Der helle Sonnenschirm des »barbarischen Frauenzimmers« tauchte eben noch einmal auf zwischen den Vogelbeerbäumen des Weges, dann verschwand er hinter den Buchen, den Vortruppen des schmalen Gehölzstreifens, mit welchem das Gebiet des Geroldshofes abschloß.

Jenseits dieses Laubwaldes, weit drüben am Berge, lag auch ein Herrenhaus, ein schmuckloser Bau neueren Stils, mit hellgetünchten Mauern und weißen Rolläden. Da sprangen keine Fontänen, und von Blumenbeeten war auch nicht viel zu sehen. Dafür aber hatte das Besitztum einen Baumschmuck, der seinesgleichen suchte. Wahre Riesen alter Linden spannen um Mauern und Höfe ein heimlich grünes Dämmern, nur die Vorderfront des Wohnhauses blieb unbeschattet, und um das schöne Taubenhaus inmitten des breit hingelagerten Rasengrundes vor dem Hause spielten ungehindert Maienlüfte und die Goldlichter der Sonne.

Diese Besitzung war auch ein Geroldshof, das Rittergut der Herren von Gerold-Neuhaus.

Vor alten Zeiten waren die liegenden Gründe des weiten Paulinentales und die von da bergauf kletternden mächtigen Waldungen in einer Hand vereint gewesen. Die Gerold von Altenstein hatten unumschränkt geherrscht über Leben und Tod jeglicher Kreatur, die in meilenweiter Runde sich rührte und regte.

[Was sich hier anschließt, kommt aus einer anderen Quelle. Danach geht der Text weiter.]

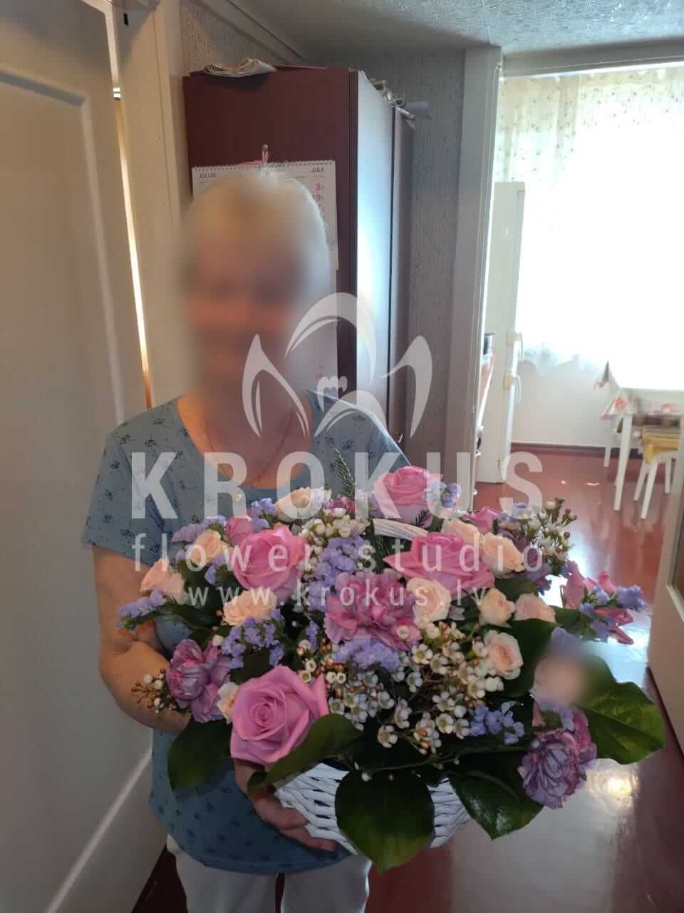 Ziedu sastāvā: Neļķes, Krūmrozes, Rozā rozes, Statice, Waxflower, Salal (Goltjēra).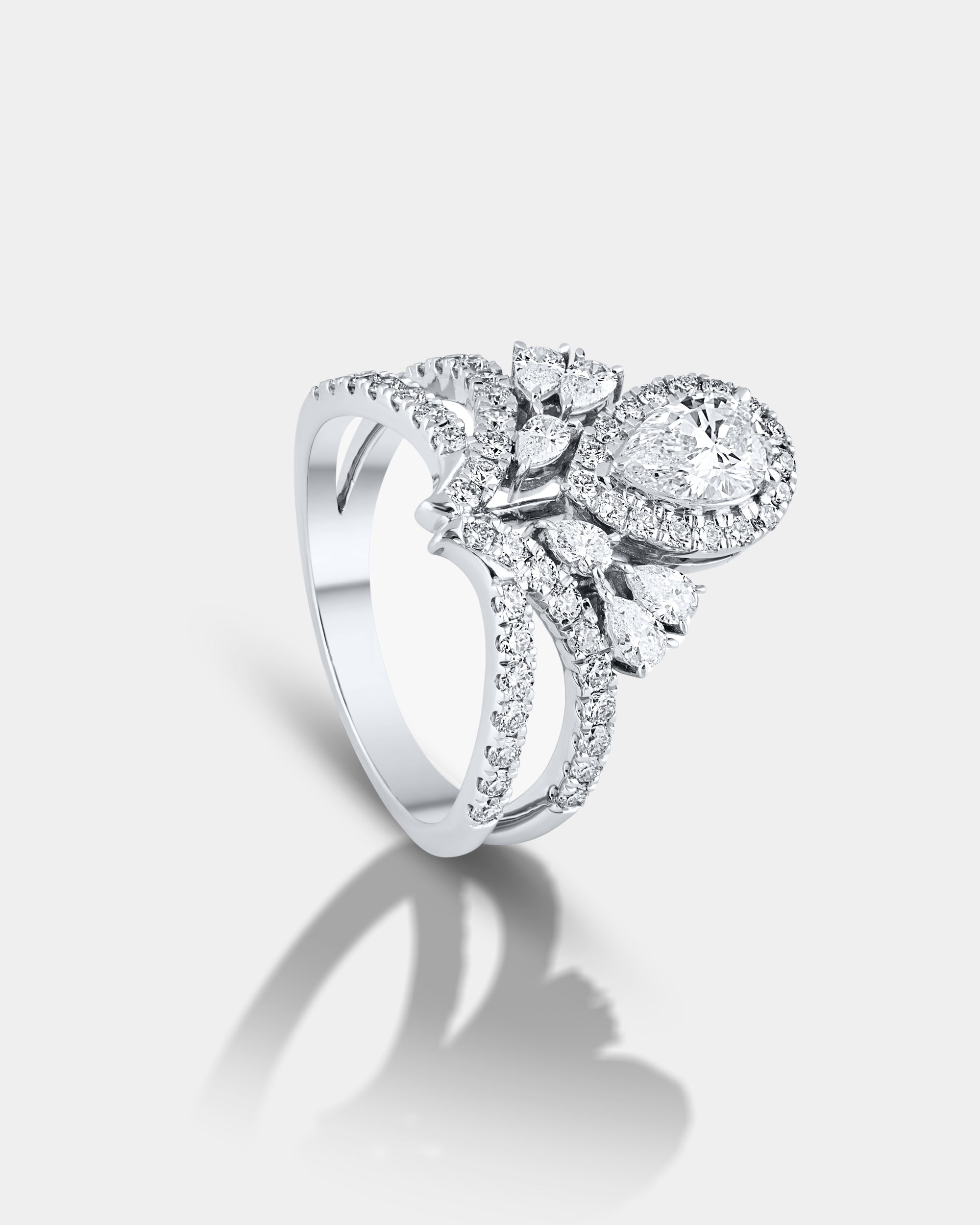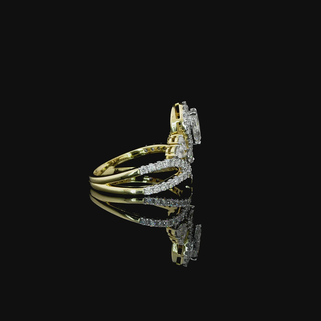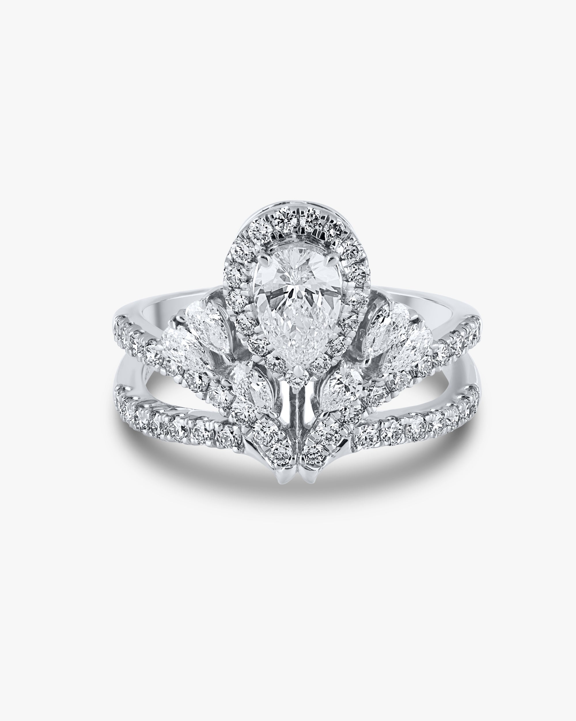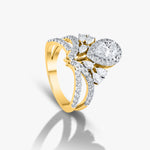 Centre Pear Diamond Wt. 0.54 And Surrounding Pear Diamond Wt. 0.32 / Round Diamond Wt. 0.64 Ct "Maharani ring" is a ring that is inspired by the jewelry worn by Indian queens or maharanis. These rings are often elaborate, featuring intricate designs and detailed craftsmanship. It is meant to exude regal elegance and is statement piece that symbolize royalty and luxury. 💍👑✨

Später, vor mehr als zweihundert Jahren, hatte ein aus langer blutiger Fehde glücklich heimgekehrter Herr Benno von Gerold um eines nachgeborenen Spätlings seines Stammes willen das Gut Altenstein zwischen diesem und seinem Erstgeborenen geteilt. So war die Linie Gerold- Neuhaus entstanden. Lange Zeit hindurch war sie die weniger begüterte und in geringerem Ansehen stehende verblieben, dann aber hatten verschiedene Male reiche Erbinnen in das Haus geheiratet, und einzelne Träger des Namens hatten sich im Kriege hervorgetan. Ihre Nachkommen rückten, Stufe um Stufe, allmählich in die höchsten Hofämter ein, und schließlich gipfelte dieses Emporkommen in der Vermählung des Jüngsten und Schönsten mit einer Prinzessin des regierenden Hauses.